One illustration of that point is the dilemma – an insoluble dilemma – for the emerging countries of Asia. Their trade is strongly diversified among Japan, the United States and Europe. What is a coherent exchange rate policy for Asia when the exchange rates among their major trading partners are themselves highly volatile? Individually, the three ‘elephants’, with large, diversified and relatively self-sufficient economies, may find it possible to live reasonably comfortably with their reciprocal exchange rates fluctuating violently. But what of their small and externally dependent partners whose established trading patterns are thrown askew by factors entirely outside their influence.
To some substantial extent, the radical appreciation of the dollar relative to the yen in the late 1990s surely impaired the perception of the competitiveness of countries tied loosely to the dollar, raising doubts about their currencies. But that is only an extreme example of a systemic problem. It is an important reason why a fixed exchange rate is not a desirable or practical approach for most Asian countries. They simply have no satisfactory currency to which to peg.
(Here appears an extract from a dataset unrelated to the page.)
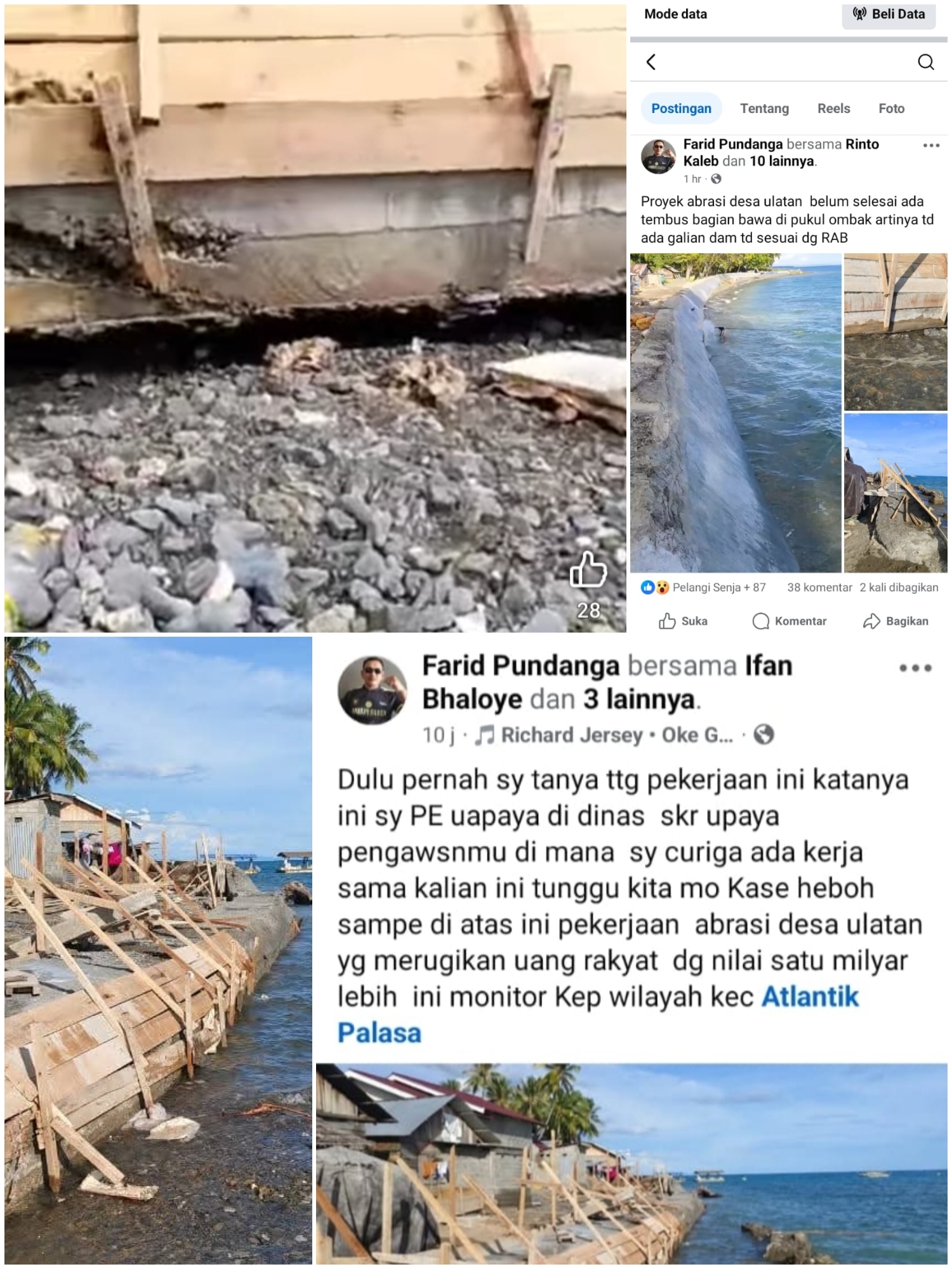 Namun berbeda dengan proyek abrasi pantai yang berada di kabupaten parigi moutong ,kecamatan palasa ,desa ulatan yang mendapatkan kritikan pedas dari salah seorang tokoh yang berasal dari utara parimo.

At the same time, freely floating exchange rates for small open economies are simply too volatile to be practical. So neither of the two so-called corner solutions set out as the logical textbook alternatives are really useful.
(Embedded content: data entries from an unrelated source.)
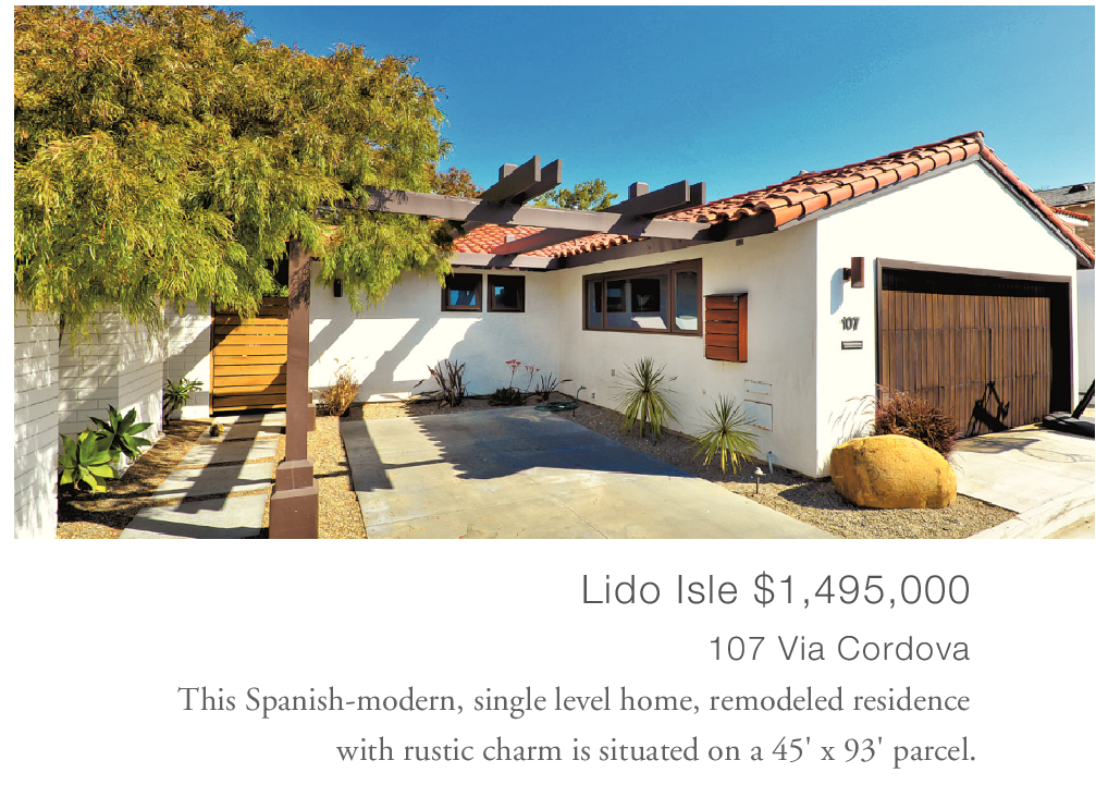 Lido Isle $1,495,000 107 Via Cordova This Spanish-modern, single level home, remodeled residence with rustic charm is situated on a 45' x 93' parcel.
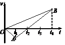 在一条宽马路上,在同一点A、B两车同时开始运动,取开始运动时刻为计时零点,它们的v-t图像如图,这段时间内的情景是---------------------(
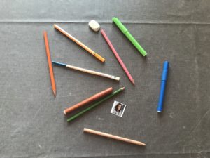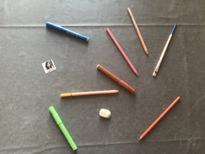 l’enfant nomme : un crayon orange, un crayon rose, un crayon vert, un feutre bleu, un feutre vert, un feutre marron, un stylo orange, un pinceau, une gomme, un crayon à papier, une photo
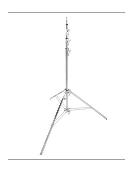 The KUPO 155M is a high-strength chrome-plated steel stand designed for maximum stability, even on challenging surfaces. Featuring 3 risers and 4 sections (diameters 35 mm, 30 mm, 25 mm, 20 mm), it supports a maximum load of 25 kg. Its built-in leveling leg ensures precise adjustment on uneven ground, providing extra safety for heavy equipment. With a height range from 107 cm to 420 cm and a wide footprint diameter of 137 cm, it offers outstanding versatility for both studio and location use. Weight: 8.0 kg.

It's a highly unsatisfactory situation. Nonetheless, there is a great reluctance to deal with it. That reluctance seems to me to reflect, in large part, strong vested interests.
Part of that vested interest is intellectual. The academic community has a large commitment to the theorising that floating exchange rates are a means of providing almost automatic and relatively painless external adjustment. They are, in that line of reasoning, a means of reconciling domestic policy autonomy with open markets.
Financial institutions and professional speculators have long since learned that exchange rate volatility can offer large profit opportunities. Their sense is that ‘insiders’ like themselves, able to recognise and ‘ride’ – even promote – herd instincts, will on balance make money. The available statistics seem to bear that out. The losers, mainly non-financial businesses, are relatively silent in the face of other, seemingly more immediate, problems.
At the same time, the authorities of major countries are leery of accepting responsibility for maintaining stability. What seems to concern them is a high degree of uncertainty they can even be successful in that purpose.
For all of that resistance to change, it can't be satisfactory to leave the situation as it is.
The present degree of volatility can not fit any conception of an effective exchange rate system. It certainly bears no resemblance to the textbook description of gradual and smooth adjustment, nor to the theorising about identifying comparative advantage.
Most directly, in terms of this conference, exchange rate arrangements among the major countries gravely complicate the ability of emerging economies to deal with capital flow.
My suspicion is that, in time, independent currencies for many smaller countries that wish to participate fully in globalised capital markets will disappear, in substance if not in form. But that is also a proposal for two or three currency blocs, not necessarily an optimum organisation of the world financial system.
One thing is sure, the conference faces critically important – and still unresolved – issues. The way these issues are ultimately dealt with will bear directly on the prospects of much of the world for growth and stability – for, in fact, making good on the promise of the world of global finance.